1990: Range Rover CSK
The Range Rover CSK was unveiled in 1990 and named after Charles Spencer King, the genius behind the original two-door Range Rover of 1970. Its primary role was to promote the development of Land Rover’s new anti-roll suspension, but it was, at the time, the fastest production Range Rover ever built.
1991: Bugatti EB110
In 1991, exactly 110 years after the birth of its founder, Ettore Bugatti, the company unveiled the EB110. It was powered by a quad-turbocharged V12 engine and featured permanent four-wheel drive and the world’s first carbon-fibre chassis.
1992: Autozam AZ-1
Search online for the ‘coolest kei car’ and the chances are this will be near the top of the list. The Autozam AZ-1 might be small, but it boasts a pair of gullwing doors. And gullwing doors are cool, right?
1993: Lister Storm
The Lister Storm is unquestionably the greatest supercar to emerge from Leatherhead.

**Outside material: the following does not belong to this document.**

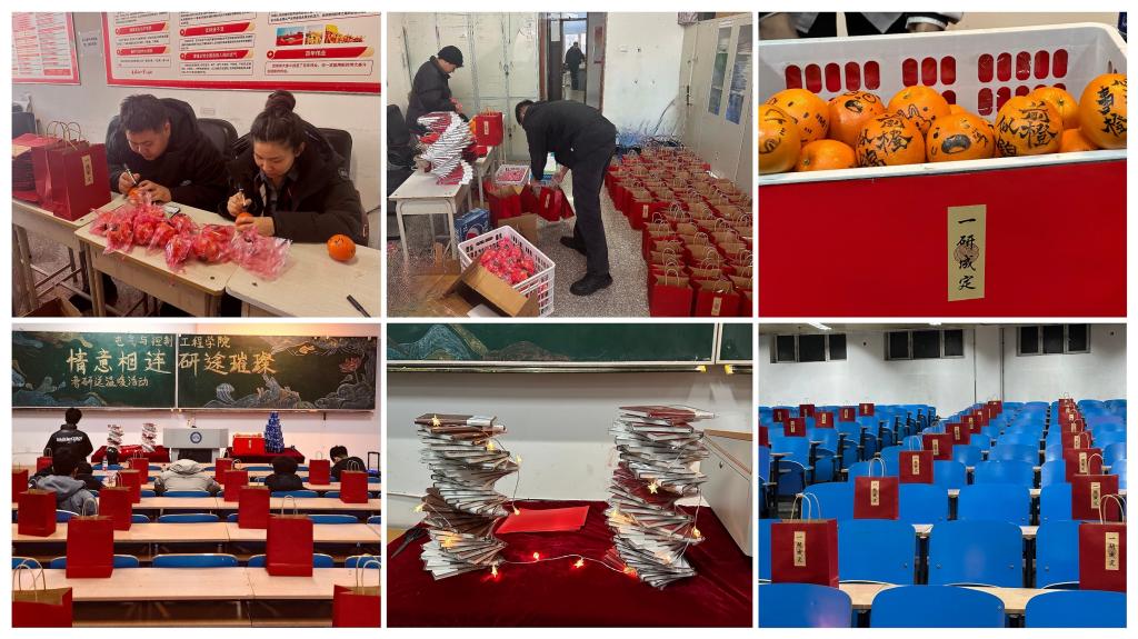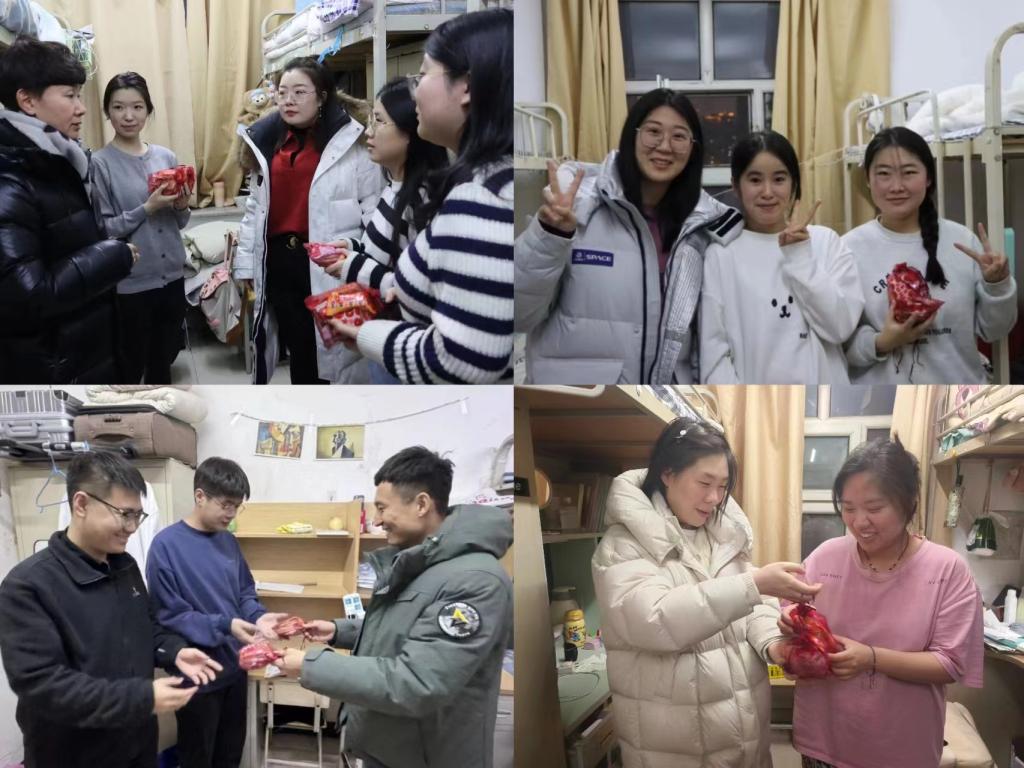 21/ 2023-12“研”途送温暖,前路亦灿灿——管理学院开展考研送温暖活动“又是一朝寒冬至,又是一年考研时”。为缓解考研学子的压力,鼓舞考研学子的斗志,同时为每一位刻苦学习的考研人送上一份祝福和遂愿,12月19日,管理学院党委副书记徐海英带领毕业班辅导员深入学生寝室,开展“‘研’途送温暖,前路亦灿灿”考研送温暖活动,为备考的学子送去一份礼物、增添一份动力。鲜艳的手提袋满满当当,“红”运当头,祝愿考研学子都可以获得“上岸”鸿运;一份暖宝宝,“暖”意洋洋,为深夜埋头苦读的学...

Its 7.0-litre V12 engine was the largest V12 engine fitted to a production car since World War II and developed around 550hp and 538lb ft of torque. The top speed of 208mph and 0-60mph of 4.1 seconds meant that the Storm was a favourite Top Trumps card.

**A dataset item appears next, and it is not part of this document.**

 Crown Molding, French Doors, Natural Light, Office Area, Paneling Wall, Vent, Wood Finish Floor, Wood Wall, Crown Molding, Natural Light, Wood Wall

1994: Fiat Cinquecento Sporting
In 1994, the Fiat Cinquecento Sporting was Italy’s answer to the Mini Cooper. Power was sourced from a 1.1-litre Punto engine, while further upgrades included stiffer springs, four-spoke alloys and a front anti-roll bar. Pound for pound, the Sporting was the most fun you could have for £6k.
1995: Fiat Barchetta
Fiat did a great job of extending the use of the Punto, with the Barchetta borrowing its front-wheel drive platform. Don’t let the fact that the sports car is left-hand drive only put you off, because this is a credible alternative to the Mazda MX-5.
1996: Lotus Elise
Can it really be 21 years since the launch of the Lotus Elise? It redefined what we expected from a sports car, utilising an aluminium tub to great effect. It was, quite simply, one of the best drivers’ cars of the 20th century.
1997: Ford Puma
Speaking of great drivers’ cars: the Ford Puma is proof that a front-wheel drive coupe can deliver the same thrills as a rear-wheel drive sports car. If you were born in 1997, celebrate by buying something else that’s celebrating its 20th birthday. Yours for as little as a few hundred quid.
1998: Audi TT
The original Audi TT remains the epitome of cool: the concept car made a reality. Few cars have offered a such compelling blend of styling, interior quality and image. A modern classic.
1999: Honda Insight
We’re getting to the stage now when some of the original eco-pioneers are becoming classics in their own right. The Honda Insight was a technologically advanced hybrid hamstrung by poor practicality and space-age looks. Clever thing.
2000: Spyker C8
We’re stopping at the year 2000, because this is the final year in which somebody could be born and hold a valid driving licence in 2017. Some cool cars arrived this year – Lotus Exige, Vauxhall VX220, BMW Z8, to name but three – but we’re settling on something Dutch: the Spyker C8.